It’s the first time I’ve been to the East Coast, it’s the first time I’ve been to North Carolina, it’s the first time I’ve meet the larger part of my Dad’s extended family.
Pop, Dad’s dad, moved to California leaving his mom and three younger sisters in North Carolina. Pop regularly visits this coast and his sisters via the 40 and his 50 food motor home (roughly), alas we never ‘made it out.’ I suppose it’s tough enough to manage a family of six getting about town, to move them 3000 miles east for a week would be … a challenge and so for a long time I wouldn’t know much beyond the family that showed up to Pops for Thanksgiving and Easter dinner and street football games. A year and a half ago Dad died. Pop was making his drive again and told us this would perhaps be his last time driving the 15 day trek. His birthday is this weekend. Dad’s siblings were going to be there. This time there was noreason it couldn’t be easy. Mom asked all the brothers, gave us the dates, and without a hitch … or so I think, we had tickets to the coast and were on our way, I was going to get to the East Coast and meet a bundle of folks who knew Dad and Pop that I’d never met. neat.
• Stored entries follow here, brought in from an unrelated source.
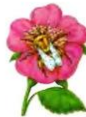
Пчела жужжит. Жж-жж-жж.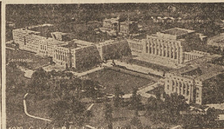
Palaca OZN v Zenevi, v kateri zaseda Azijska konferenca

Na dan so prišle skoraj vse večje potrebe in želje, ni bilo pa predlogov, od kod vzeti in kje dobiti kritje za te izdatke in podobno. Vse pa kaže, da se bo v prihodnosti tudi v tem oziru pokazal napredek, da bodo člani obeh zborov OLO začeli razmišljati tudi o tem, kako ustvariti čimveč sredstev, povečati in pocieniti proizvodnjo, ker bo od tega odvisen tudi ves naš napredek.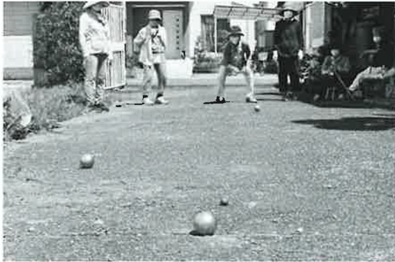
みんなでペタンク♪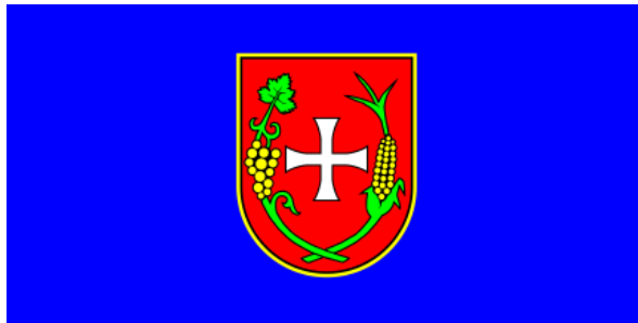
Slika 3. Zastava općine Runovići

Kontrola prekograničnih prijelaza na navedenim prijelaznim mjestima osnažila se nakon ulaska Hrvatske u Europsku uniju postavljanjem rampe čiji je prelazak omogućen jedino uz posjedovanje pogranične iskaznice, a prelazak granice u polju nužan je svim onim mještanima koji s druge strane granice posjeduju zemljišne posjede kako bi ih mogli obrađivati. Također, zbog odredbi Europske unije, malogranični prijelaz Drinovci – Sebišina unaprijeđen je izgradnjom nove građevine za nadzor prometa, dok su sva ostala mjesta koja nisu malogranični prijelazi niti su definirani prijelaznim mjestima stavljena pod kontrolu postavljanjem fizičkih zapreka kako bi se onemogućilo ilegalne prelaske preko granice.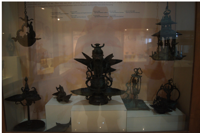
<그림 6> 램프. 13세기. 인도네시아 중부자바 문티 란에서 매입. 높이 30.5cm.

정교하게 만들어진 끈 달린 램프<그림 6>는 병 위에 앉은 카루다의 손과 발이 의인화되어 있는 점에서 동부자바기의 것으로 추정된다. 또 병의 대좌 다리의 형상과 병 주위에 있는 8개의 글자모양을 한 넝쿨형태의 장식도 동부자바기의 청동기에서 자주 보이는 특징이다. 13세기 경 태양신 수리야가 하루의 일과를 끝내면, 야간에는 비슈누신이 램프를 밝혔다고 믿고 있었다. 이와 같은 이야기를 근거로 비슈누신의 승물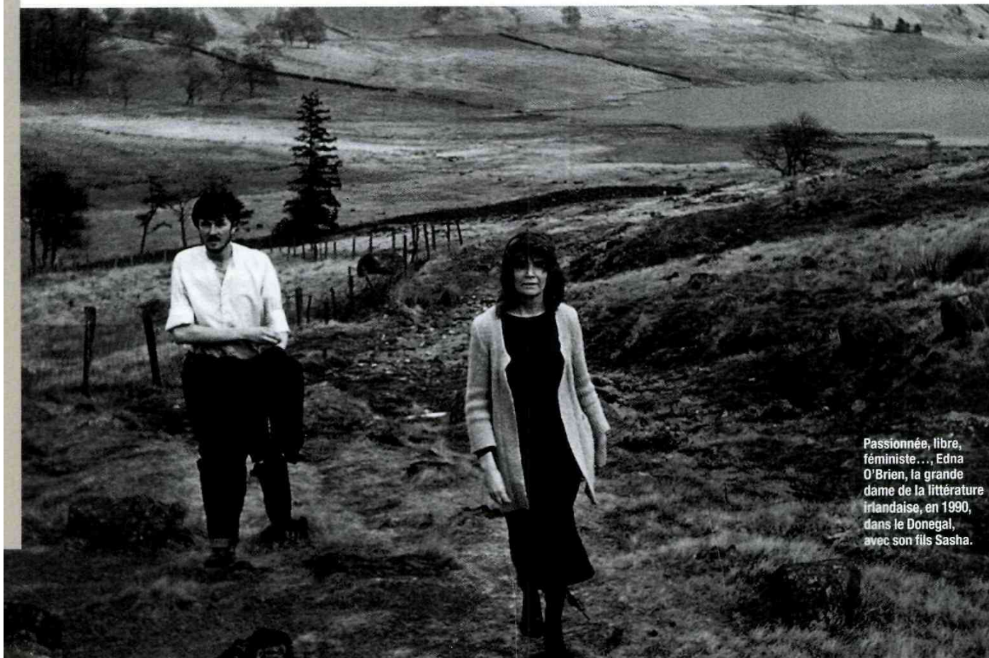
Passionnée, libre, féministe..., Edna O'Brien, la grande dame de la littérature irlandaise, en 1990, dans le Donegal, avec son fils Sasha.

près de quatre décennies, des romans ou des nouvelles – une forme littéraire très prisée sur l'île – font voler en éclats l'image un peu trop carte postale de « la verte Érin ». La nouvelle génération a à cœur d'en montrer l'autre visage, plus complexe qu'il y paraît : celui d'une terre déchirée par la violence, les séparatismes religieux et sociaux, hantée par le carcan de l'intolérance ou de la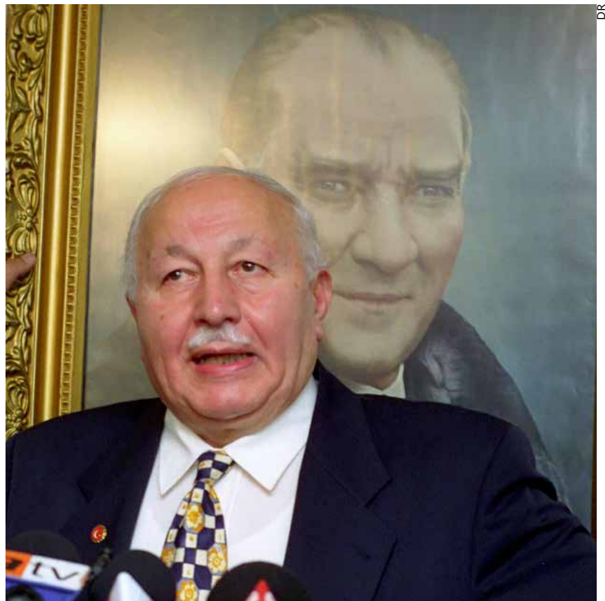
Necmettin Erbakan, fondateur en 1983 du parti islamiste Refah Partisi (le parti du bien-être).

Le conflit éclata au grand jour lorsque le maire de la ville de Sincan, en banlieue d'Ankara, fit adopter une résolution recommandant l'application de la loi islamique, la charia. En guise de coup de semonce, l'armée fit défiler ses chars dans les rues de la ville, le 4 février 1997. Le 28 février, un mémorandum du Conseil national de sécurité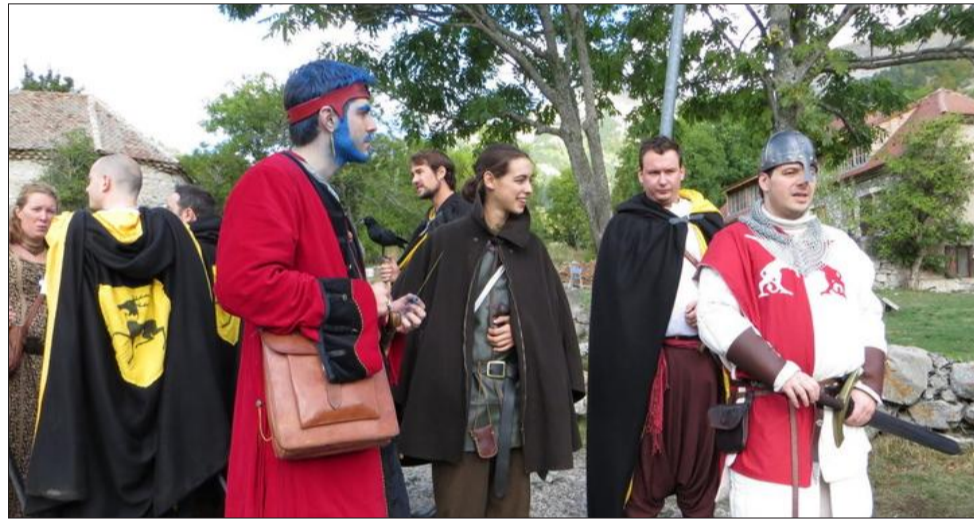
Plus de 130 personnages costumés évolueront sur les deux journées.

À un mois et demi de l'événement, chaque détail prend déjà en compte une projection de l'organisation pour les prochaines années. Le samedi soir à partir de 20 heures, un grand repas médiéval réunira cent personnes dans la pure tradition des repas moyenâgeux. L'accès au banquet se fera uniquement sur réservation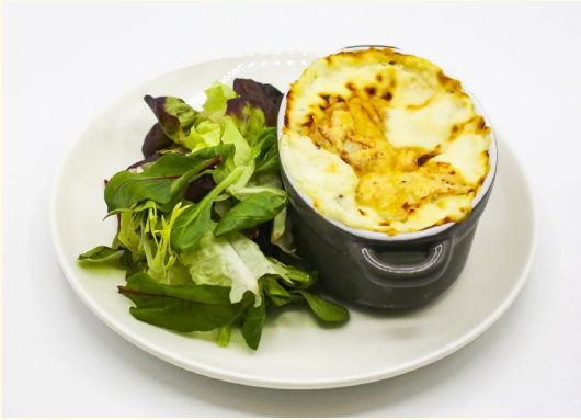
Jus de fruits Pièces apéritives

Gratin de ravioles à la crème et emmental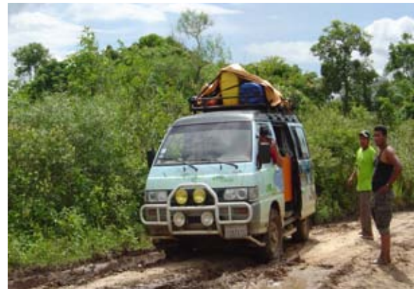
El "Lagarto Viajero" en el Beni

Se sistematizó la capacitación en manejo de fauna silvestre y la Unidad Móvil de Capacitación "Lagarto Viajero" fue implementada habiendo realizado dos giras en 8 comunidades en el Beni.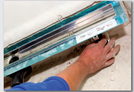
Bild 4: Eine behinderten- und altersgerechte Bauweise ist heutzutage fast schon Standard. Der Einbau einer bodengleichen Dusche inklusive Linienentwässerung von TECE ist dabei ein wesentlicher Bestandteil und trägt zur Zukunftsfähigkeit des Objekts mit bei.

Montagefüßen, Schallschutzkappe und der Drainbase-Schallschutzmatte profitieren die späteren Bewohner von einer effektiven Schallisolierung. Dass der Installationsschallpegel gerade mal 22 db(A) beträgt, ist in derartigen Wohneinheiten ein echtes Plus. Günther: „Die Anforderungen der DIN 4109 werden sogar erheblich unterschritten.“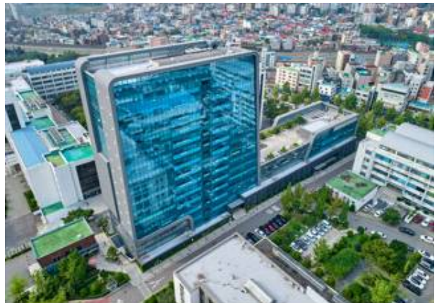
○ 60주년 기념관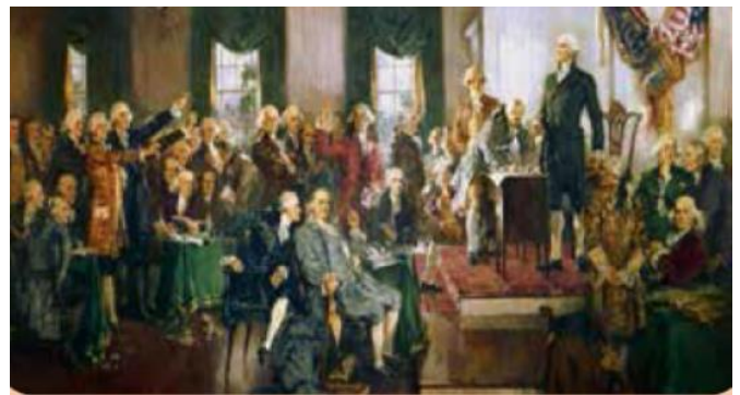
AQSH konstitutsiyasining qabul qilinishi

VI. Uyga vazifani e‘lon qilish: yangi mavzuni to‘liq takrorlash va yangi mavzu yuzasidan bilimlarini mustahkamlab kelish.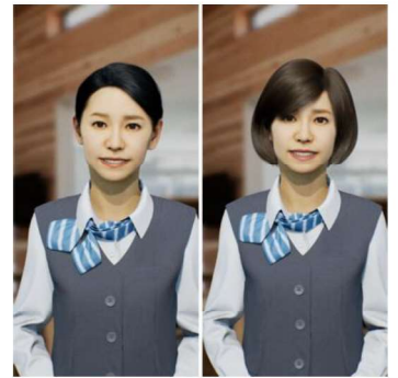
KSIN アバターイメージ

「KSIN」は、これまでデジタル・フロンティアが、映画やドラマ、ゲームなどのエンタテインメント分野における映像制作などで培ってきた最先端の 3DCG 技術の知見を活用し開発した高精密なアバターを搭載した遠隔接客サービスです。2022 年 7 月に β 版をリリースし、操作する人の表情の動きをリアルタイムかつ表情豊かに再現してスムーズに接客できる点などが高く評価され、東日本高速道路株式会社の第 1 期アクセラレータープログラム『E-NEXCO OPEN INNOVATION PROGRAM』に採択。サービスエリアにおける接客や窓口業務などの実証実験を行ってまいりました。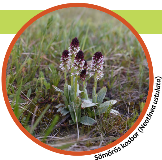
Sömörös kosbor ( Neotinea ustulata )

Az önkéntes akciók nemcsak a védelemre érdemes élőhelyek kezelését szolgálják, hanem a résztvevők faj- és élőhelyvédelmi tudatosságának növelésében is nagy lehetőséget rejtene. Ahhoz, hogy ezt a potenciált ki lehessen használni, a természeti nevelés formáját a célcsoportnak megfelelő módon kell átgondolni és megvalósítani.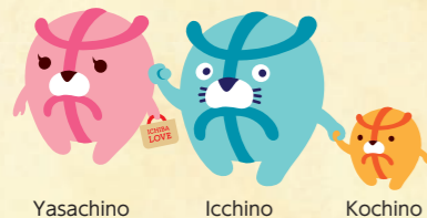
Yasachino Icchino Kochino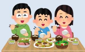
調理・食事をすると…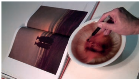
Sarkis, D'après Caspar David Friedrich : Deux hommes au crépuscule , 2007 Collection Frac Bretagne © ADAGP, Paris 2016

Né en 1938 à Istanbul (Turquie) Vit et travaille à Paris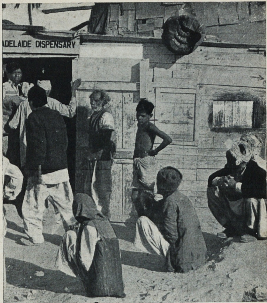
Pred misijskim dispanzerjem v Indiji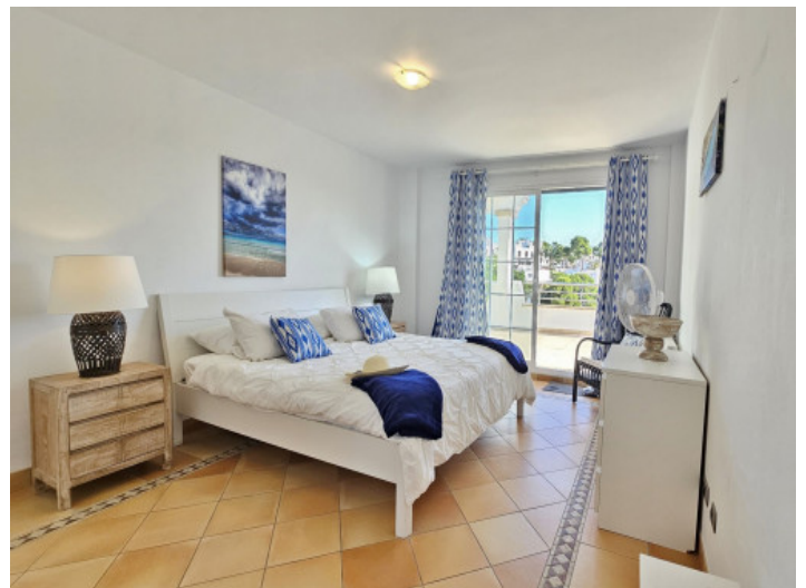
Schlafzimmer alle mit Ausgang zum Balkon

Alle Angaben nach bestem Wissen. Irrtum und Zwischenverkauf vorbehalten. Dieses Exposé ist eine Vorinformation, als Rechtsgrundlage gilt allein der notariell abgeschlossene Kaufvertrag.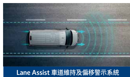
Lane Assist 車道維持及偏移警示系統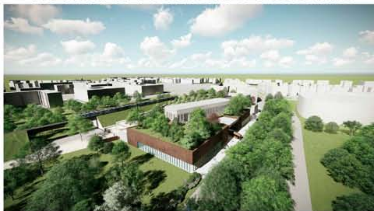
VISTA AEREA DA VIALE TOSCANA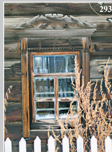
293. Окно с луковым очельем. Село Карабола Богучанского района Красноярского края. Фото 1985 г.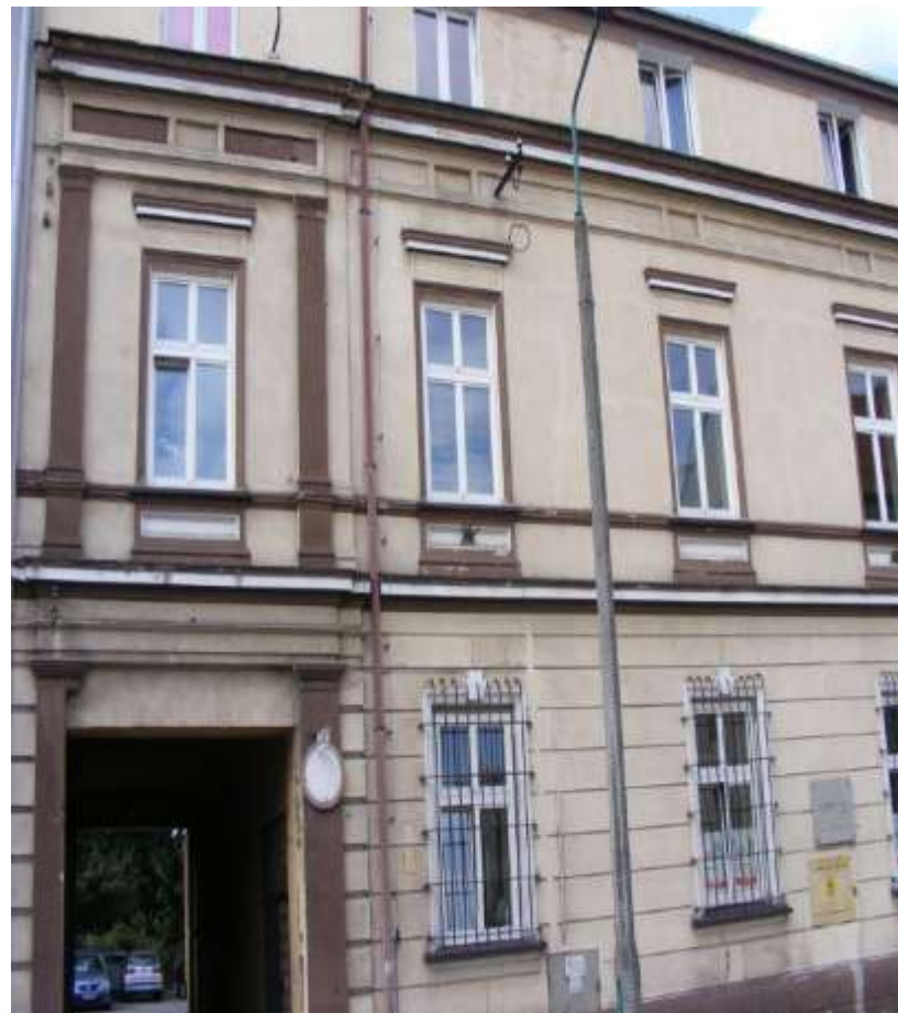
Zdjęcie przedmiotu wynajmu

Plane flights are plane flights. My flight to Ecuador didn’t feel any different than my flight to St. Louis and until we really hit wall of heated moisture in the air outside the baggage claim doors this time, I hadn’t yet put myself into Virginia and onto the east coast. Here there is green, there are trees, there is moisture flowing free from the sky, free in the Air! We found our white rental mini-van and soon after discovered that just because it has 6 seats doesn’t mean they’re built for people. Even my legs were pushed against the seat in front of me. Ugh. Fortunately we only had to drive 2 hours to the true coast to touch the water and then another 2 to Jamesville, NC 27846, where Pop and the family were already eating and drinking and smiling.
To the coast we drove. The water was warm, the sand interestingly granular and large, and the waves horribly non-existent. East coast waves, as I’ve been informed before and ten again today, only occur from hurricanes and, new to me, from Nor-Easters. Neither of which were present today. But there was sand and shore and I was indeed on the East Coast, cool. One more tick off my national summer tour. As we drove inland, away from the coast, we went over miles of bridge, which was cool, passed signs warning of Alligators, Bears, and Fox, which was interesting, and a whole lot of crops of Corn, which was .. well different. Little did I know I’d be eating some of that corn a little while later and it would be Gooooooo-oood, I mean good! Grant was driving by now and we meandered about the small roads, past a school and a church and houses all around and finally found Pops motor home. Here we go.
There he was outside waiting as a Pop should, resolute but independent enough that we’d quickly greet him before he had to wait too long. This neighborhood was quaint. It had a bold character to it. The lawns were green and soft, the trees years outside of their adolescence, the yard fence free and full of Fourth of July decor. Reminding me of another wholesome family event, we emptied out of the cramp micro-van, talking with Pop and beginning the indroduction to relatives. There weren’t too many, but more than I could remember the names of at that instant. As it is Pop’s three sisters and their families were fairly represented and all presented themselves at various points through the evening. We walked through the back yard of the first house to see the house that Pop grew up in and his mother had lived until she died, then just a couple of house up the street and across was another sisters house. Filled with chairs and tables this was the dinning hall. Pleasant with bird feeders and delicately placed nic-knacks. the house had that charm about it… the one that we try to repeat on the west coast but only find by shopping at target and k-mart. This charm was genuine, a true collection of novelties and toys over the ages. One particular squirrel feeder was a wooden piece secured to a tree with a stool and a pike upon which an ear of corn was placed. According to the residents, squirrels actually sit down and enjoy the corn – remarkable. There were white window trimmings and hand dipped candles along side an easy chair and broadband Internet connection. Against my previous notions – as lacking as they were – this place was welcoming, it was family, it was home. There were hugs all around, smiles from everyone, and one hell of a dinner. We were even introduced to a neighbor as “Kin Folk,” and that just made me feel all warm. Tonight we’re at the Days Inn – using their Wi-Fi – and tomorrow I look forward to getting another glimpse of N. Carolina and family, and evenings activities which include but are not limited to a good ole fashioned ‘cook out.’